Fund Complex: Shelton Funds
Management Company: (1) Shelton Capital Management; (2) Shelton Capital Management. Sub-advisor: Green Alpha Advisors, (3) Shelton Capital Management
Funds Affected: (1) Shelton California Tax-Free Income Fund and (2) Shelton Green Alpha Fund, (3) Shelton International Select Equity Fund
Sustainable Investing Strategy: (1-2) ESG Integration, (3) Thematic
Summary:
(1) Shelton will seek to invest in municipal bonds that meet environmental, social and governance screens so that the fund may be considered a green municipal bond fund. In evaluating environmental, social and governance considerations, Shelton uses criteria including, but not limited to, use of bond proceeds, expected environmental impact, the source of revenues for repayment and reputation of issuer.
(2) The fund invests primarily in common stocks of companies that Green Alpha Advisors believes are leaders in managing environmental risks and opportunities, have above average growth potential and are reasonably valued. The sub-advisor maintains a proprietary universe of green economy companies based on proprietary set of qualitative criteria. A “green economy” company is one that works to improve human well-being and increase economic efficiencies, while significantly reducing environmental risks and ecological scarcities. Green economy companies provide products and services that help economies to adapt to, solve or mitigate the effects of key environmental and economic systemic risks, namely resource scarcity and climate change. The sub-advisor maintains a proprietary list of at least 400 companies from multiple industries and economic sectors that, at its sole and absolute discretion, meet their qualitative criteria. This list is created after a review of a company’s business plan, activities and operating policies, as well as other qualitative criteria, including but not limited to, strength of management team, corporate governance practices, brand and product reputation, competitive positioning, industry growth probabilities, market size analysis, assessment of barriers to entry, assessment of aggregate sustainability risks and defensible patents and intellectual property. Stocks to be purchased by the fund are selected from this green economy universe by the sub-advisor using quantitative and qualitative analyses. Quantitative analysis refers to a mathematical review of the companies’ operating performance and characteristics related to its investment attractiveness, while qualitative analysis refers to the sub-advisor’s exercise of judgment when evaluating the green economy and sustainability characteristics as related to the future prospects of a company.

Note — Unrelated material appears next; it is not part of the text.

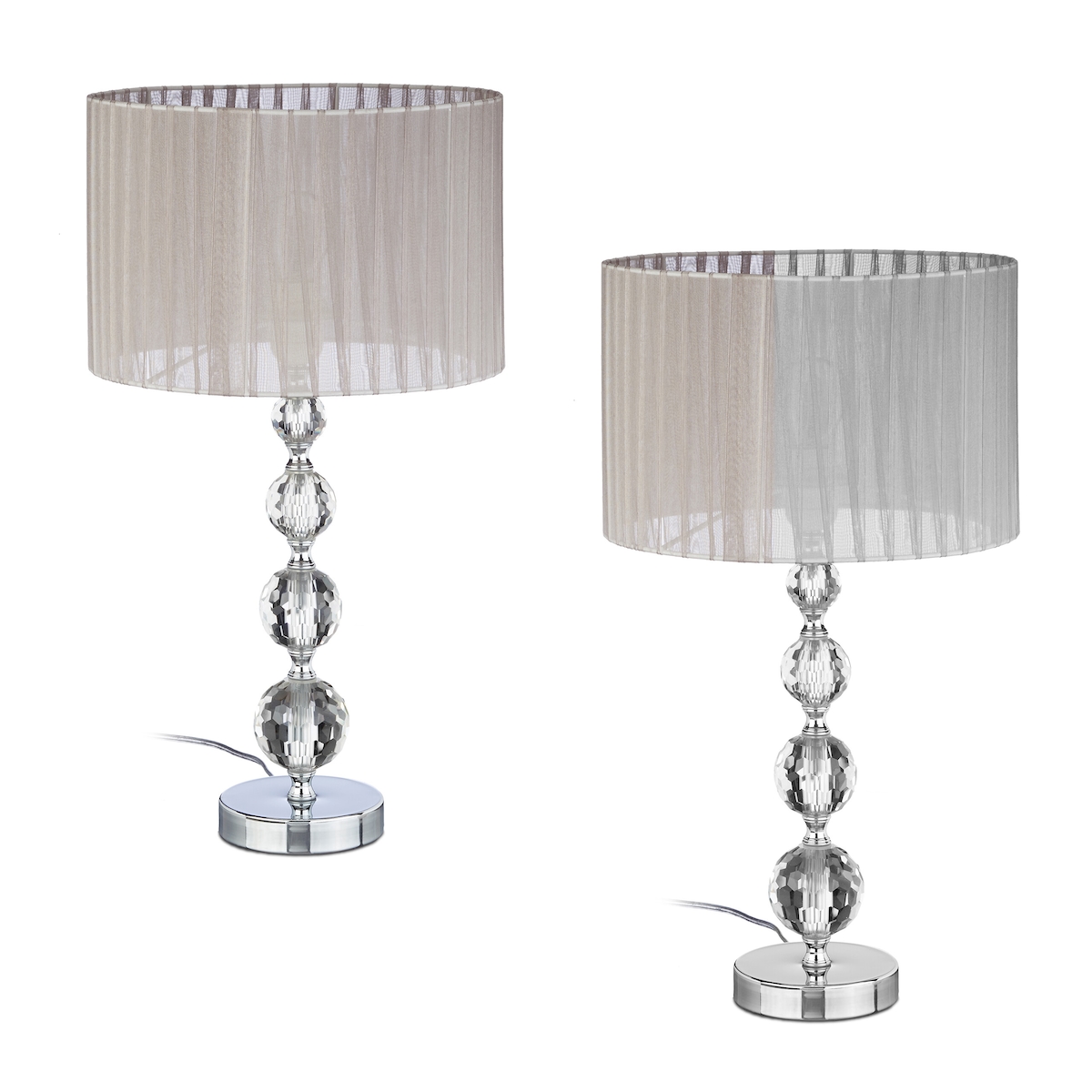 Relaxdays Tischlampe, 2er Set, Glasfuß, Stoffschirm, E27, HxD 53 x 29,5 cm, Nachttischlampe Kristalloptik, grau/silber

(3) As part of the fund’s fundamental life-cycle screen for securities evaluation, the investment team seeks to invest in businesses it believes are on the whole beneficial to the society. Such companies are considered to offer products and services that improve the lives of their customers, and of people in the communities in which they operate, and to exhibit responsible management practices. These practices may include dealings with customers, suppliers, employees, and the environment.